Who are you people and what am I doing here?

(The following is mostly a cut & paste of a post I made on a message board.  I felt it was a significant enough observation that I should share it here.)

It seems to me that every game has roles to a certain extent, although I'm not so sure I can really count the first one as a "role."  There's a strange entanglement too within theory & practice.  Equal games with equal starting roles will usually end up with players adopting certain play styles based on the natural circumstances, so they are no longer equal.  Set role games have the possibility of mirror matches, at which point there's no difference in capabilities.  Set games will often also have a very blurry line with customizable games as slight customization options are available (choosing an Ultra in Super Street Fighter 4).  Customizable games, in practice, often end up with very few viable options and therefore will have even less options possible than many set role games.  Read past the break to figure out what the hell I'm talking about.
Equal: In these games, both players have identical capabilities at the start of the game.  Hearts, Backgammon, and Monopoly. Chess almost gets there, but the differing placement of kinds & queens relative to other pieces within each side's army makes them technically different. I believe Shogi would qualify though, because as I recall, the board is identical on both sides. For the sake of not being a smart-ass, I'll consider turn order as being irrelevant when considering whether a game could be equal roles (going second does naturally lead to playing slightly more reactively).
Set: Fighters almost universally embrace this.  You pick a character (role), every one has varying degrees of advantages & disadvantages. For the sake of clarity, Street Fighter 2 matches this while Super Street Fighter 2 Turbo does not with its ability to choose between new & old versions of the characters. This is effectively customizing the chosen character because the two characters are almost completely identical, though I'll admit part of it is my personal perception. To get to my first example, Chess fits in here as a "set role" game. Of course, if players select a mirror match in a fighter, then that effectively turns at least that match into an equal role because both sides have no difference in capabilities.
Custom: Everyone simply has a system of how they are allowed to customize their roles. Dungeons & Dragons fits this as does any collectible game like Magic: the Gathering (your deck would be your role). Super Street Fighter 2 Turbo would fit here, although it's probably the lowest possible example. Capcom Vs. SNK 2 would be a more obvious example with customizing teams, character strength within teams, gauges used, and custom gauges if people are willing to make them usable (I don't know if tournaments allow them, probably not).

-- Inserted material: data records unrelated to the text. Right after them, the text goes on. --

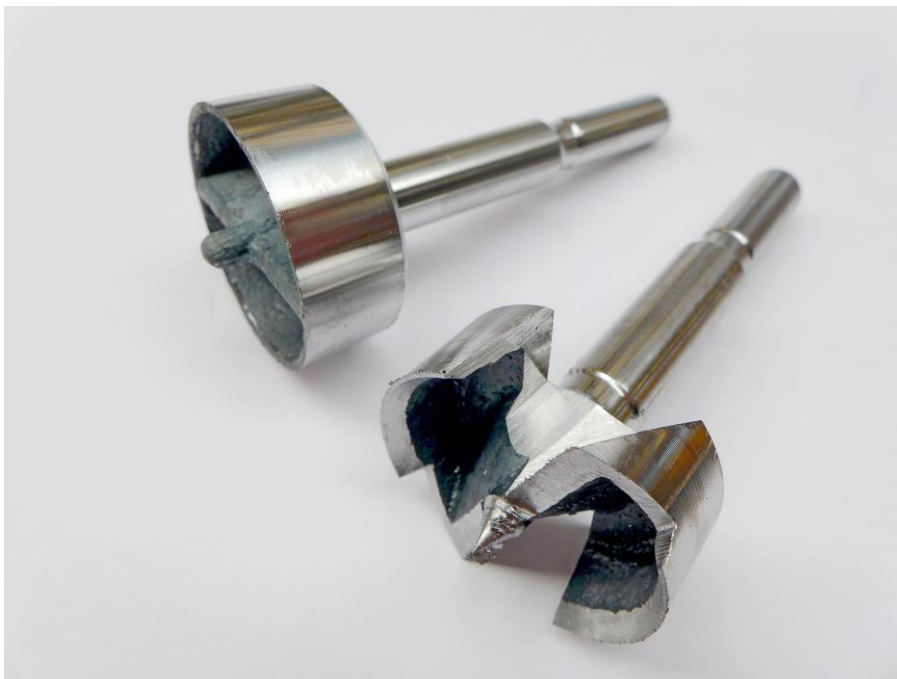
Das Werkstück (Forstner-Bohrer) vor und nach der Schlitzbearbeitung mit dem Gold-Slot-Scheibenfräser.
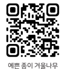
예쁜 종이 겨울나무
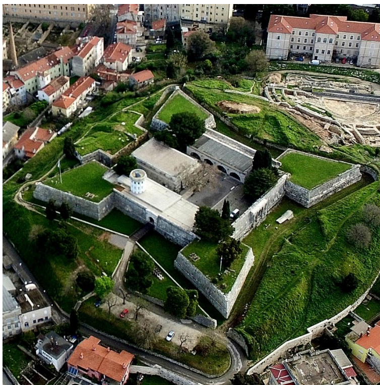
Slika 9: Kaštel

Povijesni i pomorski muzej Istre i mjesto je na kojem se redovito organiziraju koncerti i manifestacije ( http://www.ppmi.hr/hr/lokacije/kastel/izgled-kastela/ ).
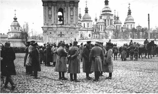
Німецькі військовики на Софійській площі у Києві. Березень 1918 р.
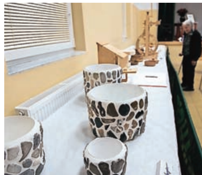
V domu športnega društva je bila ob prazniku na ogled razstava izdelkov domačinov.
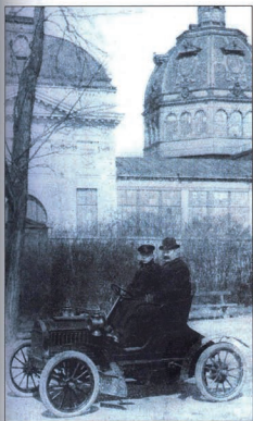
Érkezés autómobilon a Budapesti Nemzetközi Autómobil Kiállításra
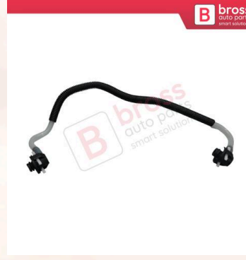
BHC635 Mercedes Sprinter Vito için Dizel Yakıt Ara Hortumu 6110702032
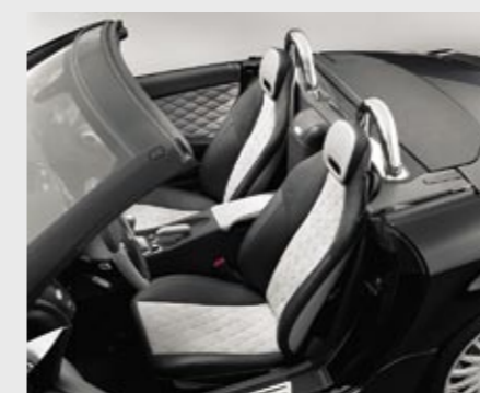
Lederausstattung Alcantara platingrau/anthrazit Leather/Alcantara upholstery in platinum grey/anthracite
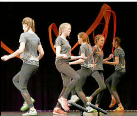
Rope-Skipping-Gruppe des SV Braunweiler / Sportlerehrung 2019

Die Corona-Pandemie hat in diesem Jahr auch die Sportwelt lahmgelegt. Seit Ausbruch der Pandemie konnten keine Wettkämpfe mehr ausgetragen werden. Aus diesem Grund hat sich die Stadtverwaltung schweren Herzens dazu entschieden, die Sportlerehrung der Stadt Bad Saulgau, welche jedes Jahr im Herbst durchgeführt wird, abzusagen. Selbstverständlich findet aber im kommenden Jahr wieder eine Sportlerehrung statt. Zu dieser werden auch die Sportler/-innen eingeladen, die in diesem Jahr für Erfolge an Wettkämpfen, die seit der letzten Sportlerehrung im Herbst 2019 durchgeführt wurden, geehrt worden wären. Das Organisationsteam der Stadtverwaltung freut sich jetzt schon auf eine Sportlerehrung und ein Wiedersehen im Jahr 2021.
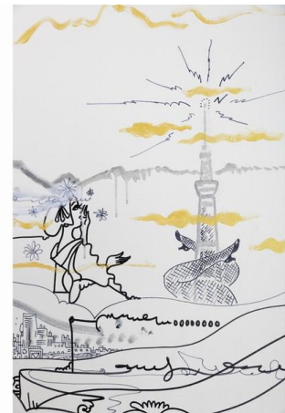
何かを出している、東京スカイツリー (R)

Having looked over these 3 levels, I think I prefer set roles first, then equal roles. It's nice to be able to customize, but too much customization potential easily makes for a small number of really powerful things without much variety. With set role games, I can at least have decent faith that the designers put in enough playtesting that no option dominates the game overall. Of course, less playtesting is needed for an equal role game because the focus is entirely on the system, not the roles.